Each line of the listing, apart from the pictures, is to be printed exactly.

▼▼▼

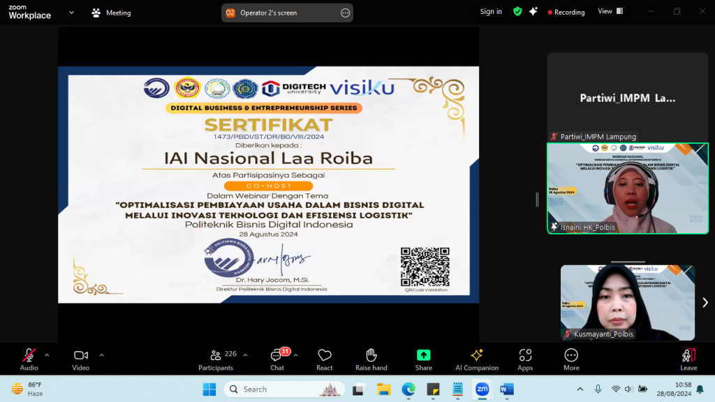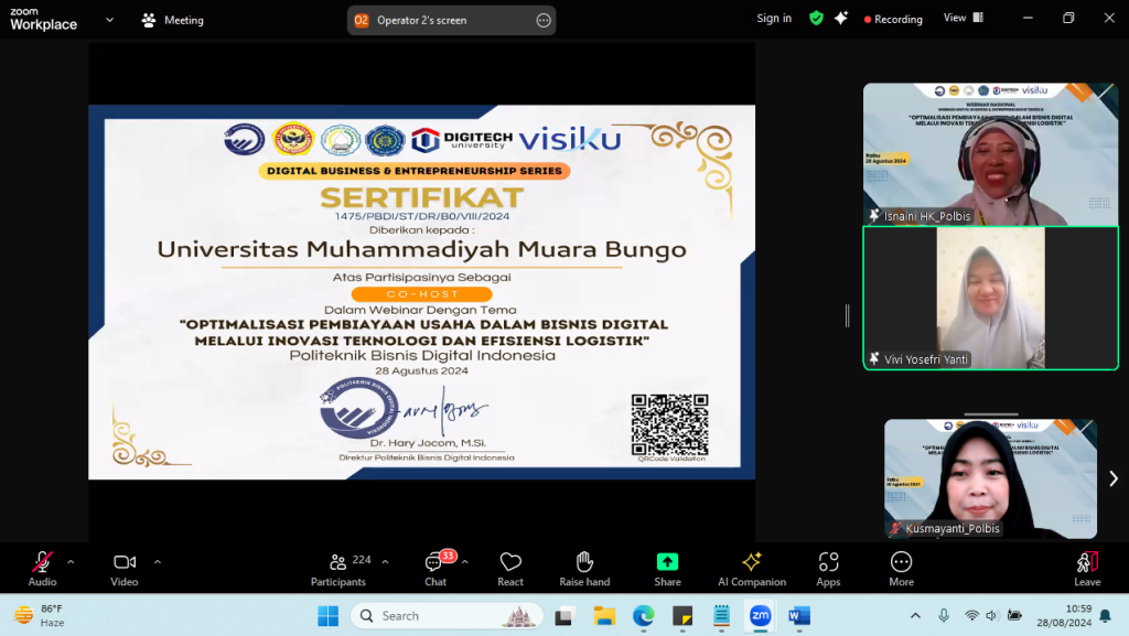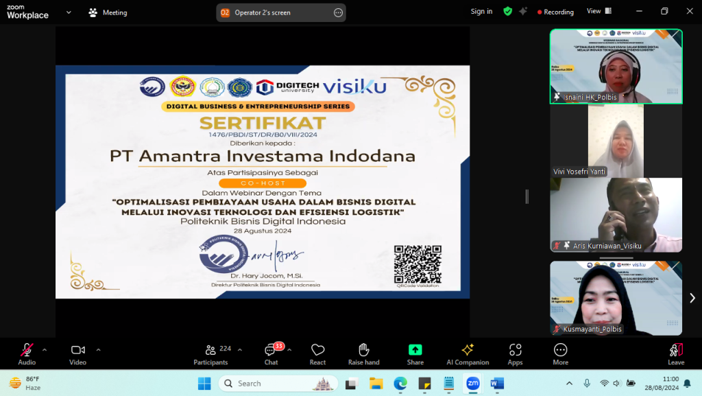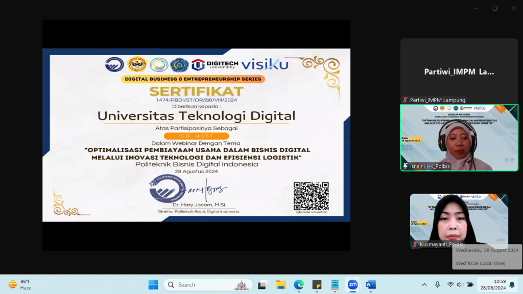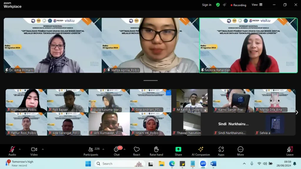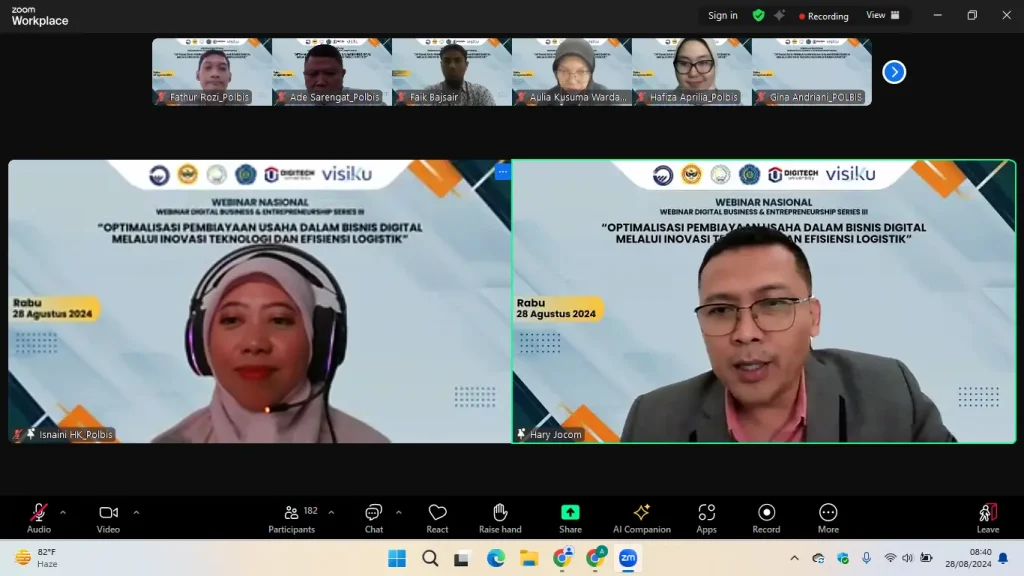 Bogor, 28 Agustus 2024 – Politeknik Bisnis Digital Indonesia kembali menyelenggarakan Webinar Nasional dalam rangkaian Digital & Entrepreneurship Series yang ketiga dengan tema “Optimalisasi Pembiayaan Usaha dalam Bisnis Digital melalui Inovasi Teknologi dan Efisiensi Logistik.” Webinar ini merupakan kolaborasi antara 3 (tiga) program studi di Politeknik Bisnis Digital Indonesia dengan beberapa institusi pendidikan tinggi dan dunia industri, yaitu Universitas Lambung Mangkurat, IAI Nasional Laa Roiba, Universitas Teknologi Digital, Universitas Muhammadiyah Muara Bungo, dan PT Amantra Investama Indodana.
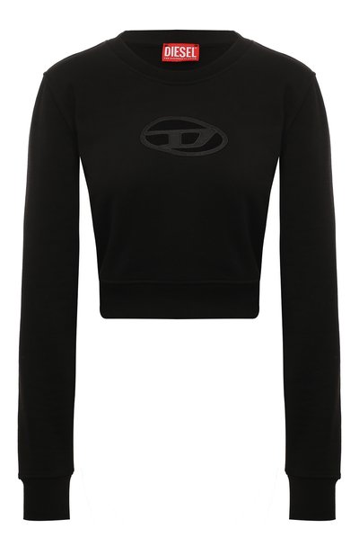 Для создания черного укороченного свитшота выбрали мягкий приятный на ощупь трикотаж, не препятствующий циркуляции воздуха. В пряже объединили органический хлопок, выращенный без применения пестицидов, и гладкий нейлон из переработанного пластикового мусора. Спереди модель декорировали крупной шелковистой вышивкой со знаковой литерой D, подчеркивающей принадлежность марке.
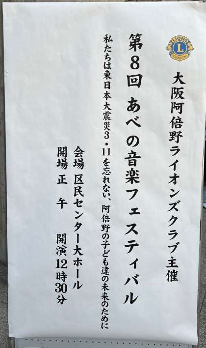 4月23日(日)、阿倍野区民センター大ホールにて、大阪阿倍野ライオンズクラブ主催による第8回あべの音楽フェスティバルが行われ、文の里中学コーラス部も参加しました。
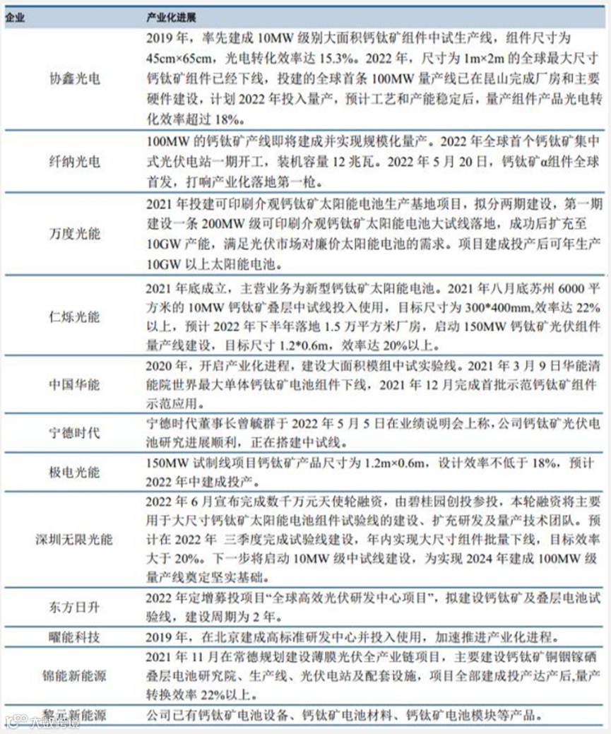 在资本加持的背景下,钙钛矿电池产业化进程加速,梳理国内钙钛矿主要企业的产业化进展情况,具体如下:
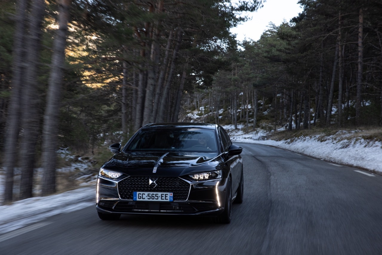 Ainsi, la DS 9 devient dynamique, sur les routes très sinueuses la limite se trouve loin, bluffant pour une auto qui se revendique Grand Tourisme plutôt que sportive. Elle enroule les virages grâce à un châssis neutre et stable. On en vient à oublier que nous sommes dans une berline de presque 5m. La prise en main de son volant en cuir perforé correspond mieux à une conduite dynamique et les sièges offrent un bon maintient. Néanmoins la boîte de vitesses se fait un peu lente quand on lui demande un kickdown et la direction est encore trop assistée en mode sport.
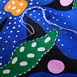 This cushion cover’s striking pattern has big flowers on a black background, making the colors stand out. The leaves’ edges have running stitch embroidery – a tactile element that you can see and touch.

▲▲▲

**Task response:**
 Bogor, 28 Agustus 2024 – Politeknik Bisnis Digital Indonesia kembali menyelenggarakan Webinar Nasional dalam rangkaian Digital & Entrepreneurship Series yang ketiga dengan tema “Optimalisasi Pembiayaan Usaha dalam Bisnis Digital melalui Inovasi Teknologi dan Efisiensi Logistik.” Webinar ini merupakan kolaborasi antara 3 (tiga) program studi di Politeknik Bisnis Digital Indonesia dengan beberapa institusi pendidikan tinggi dan dunia industri, yaitu Universitas Lambung Mangkurat, IAI Nasional Laa Roiba, Universitas Teknologi Digital, Universitas Muhammadiyah Muara Bungo, dan PT Amantra Investama Indodana.
 Для создания черного укороченного свитшота выбрали мягкий приятный на ощупь трикотаж, не препятствующий циркуляции воздуха. В пряже объединили органический хлопок, выращенный без применения пестицидов, и гладкий нейлон из переработанного пластикового мусора. Спереди модель декорировали крупной шелковистой вышивкой со знаковой литерой D, подчеркивающей принадлежность марке.
 4月23日(日)、阿倍野区民センター大ホールにて、大阪阿倍野ライオンズクラブ主催による第8回あべの音楽フェスティバルが行われ、文の里中学コーラス部も参加しました。
 在资本加持的背景下,钙钛矿电池产业化进程加速,梳理国内钙钛矿主要企业的产业化进展情况,具体如下:
 Ainsi, la DS 9 devient dynamique, sur les routes très sinueuses la limite se trouve loin, bluffant pour une auto qui se revendique Grand Tourisme plutôt que sportive. Elle enroule les virages grâce à un châssis neutre et stable. On en vient à oublier que nous sommes dans une berline de presque 5m. La prise en main de son volant en cuir perforé correspond mieux à une conduite dynamique et les sièges offrent un bon maintient. Néanmoins la boîte de vitesses se fait un peu lente quand on lui demande un kickdown et la direction est encore trop assistée en mode sport.
 This cushion cover’s striking pattern has big flowers on a black background, making the colors stand out. The leaves’ edges have running stitch embroidery – a tactile element that you can see and touch.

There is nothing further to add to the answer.